Gerbera avait l’air mécontente de ma mauvaise blague, mais je voulais être pardonné pour au moins cela. Elle me portait après tout comme une princesse. C’était tellement pathétique. J’avais envie de pleurer, mais à cause de mon manque de vitesse de déplacement, je n’avais pas d’autre choix que d’accepter mon sort. Je lui avais dit qu’elle pouvait aussi bien me porter sur son épaule comme un sac, mais elle avait rejeté ma proposition parce qu’il était trop dangereux de courir comme ça dans la forêt.
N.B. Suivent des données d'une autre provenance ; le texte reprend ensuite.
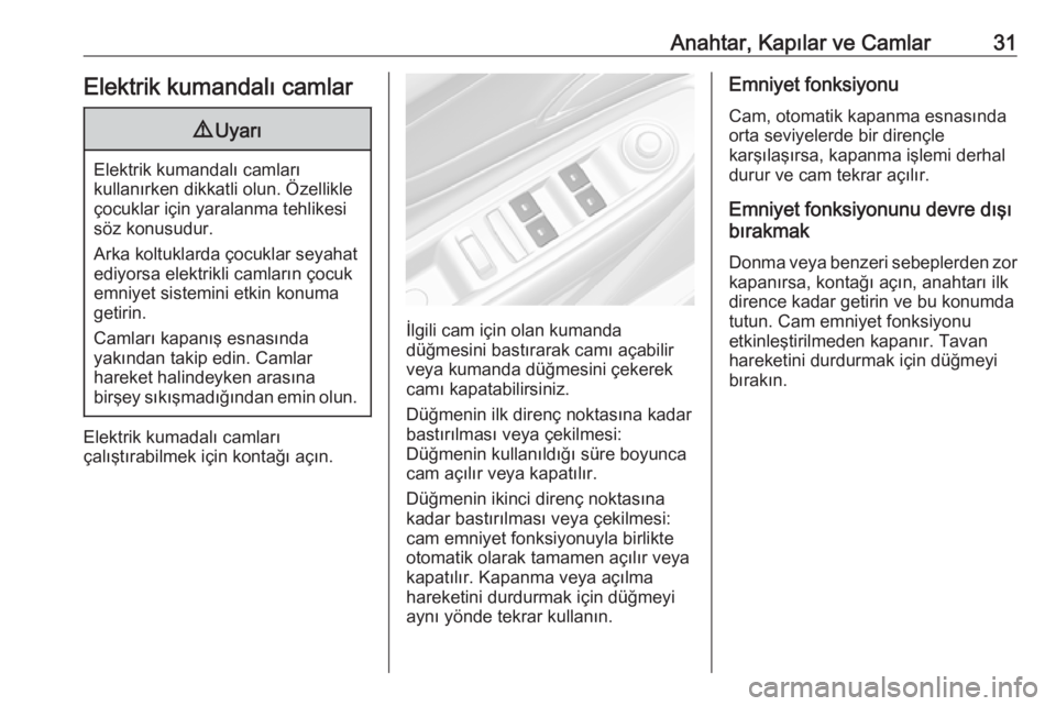 Anahtar, Kapılar ve Camlar31Elektrik kumandalı camlar9Uyarı

« Nous y voilà, » dit-elle en se mettant à courir comme une flèche libérée.
« Uooh !? »
Nous avions rapidement accéléré alors que les arbres de la forêt passaient derrière nous à une vitesse incroyable. Ce n’était pas si différent d’une voiture dans le Japon moderne, mais je ne pouvais pas oublier que nous étions dans une forêt très dense. Si j’étais capable d’atteindre cette vitesse par moi-même, je me serais absolument écrasé contre un arbre en quelques pas seulement. Ses réflexes étaient incroyables. De plus, Gerbera faisait attention à me secouer le minimum possible. Si j’étais passé par-dessus son épaule, elle n’aurait pas pu me tenir aussi fermement.
Mes yeux s’habituaient peu à peu à la vitesse. Je pouvais voir le croc de feu que nous poursuivions. Il courait aussi à travers la forêt à un rythme terrifiant. Mais Gerbera était capable d’aller beaucoup plus vite. C’est précisément pour cela qu’elle pouvait maintenir une distance fixe derrière lui. Si c’était nous qui étions poursuivis, le croc de feu ne pourrait certainement pas faire de même.
Le loup remarqua qu’il ne pouvait pas s’échapper et il s’arrêta. Il s’était tourné vers nous alors que nous nous arrêtions également, puis il prit une profonde respiration.
« Awooooo ! »
Je ne pouvais pas dire s’il s’endurcissait pour la bataille ou s’il criait de désespoir. Mais quelques secondes plus tard, j’avais entendu d’autres loups hurler en réponse. Les loups forment généralement des meutes. Les crocs de feu près de la colonie étaient simplement des « errants » qui avaient échappé aux chasses de l’équipe d’exploration. Celui que nous avions rencontré aujourd’hui s’était avéré être seul, mais nous pensions qu’il appellerait à l’aide lorsqu’il serait acculé. En d’autres termes…
« … On dirait que la mission est un succès, » murmurai-je.
« Hm. » Gerbera avait fait un signe de tête. « On dirait qu’ils sont cinq ou six. »
Des loups étaient venus en bondant à notre gauche et à notre droite au moment où elle avait fini de parler.
« Graaawr ! »
L’attaque la plus forte du croc, les flammes qu’il pouvait tirer de sa bouche baignaient la forêt dans le rouge. Au moment où ils nous avaient complètement encerclés, Gerbera avait bondi et s’était réfugiée au sommet d’un arbre.
« Argh… ! »
Le bruissement des branches qui me frôlaient me faisait mal, mais j’avais serré les dents et j’avais enduré la douleur. Gerbera avait immédiatement sauté sur un autre arbre, et un instant plus tard, de multiples flammes avaient claqué à l’endroit qu’elle occupait et elles avaient éclairé l’arbre comme une torche.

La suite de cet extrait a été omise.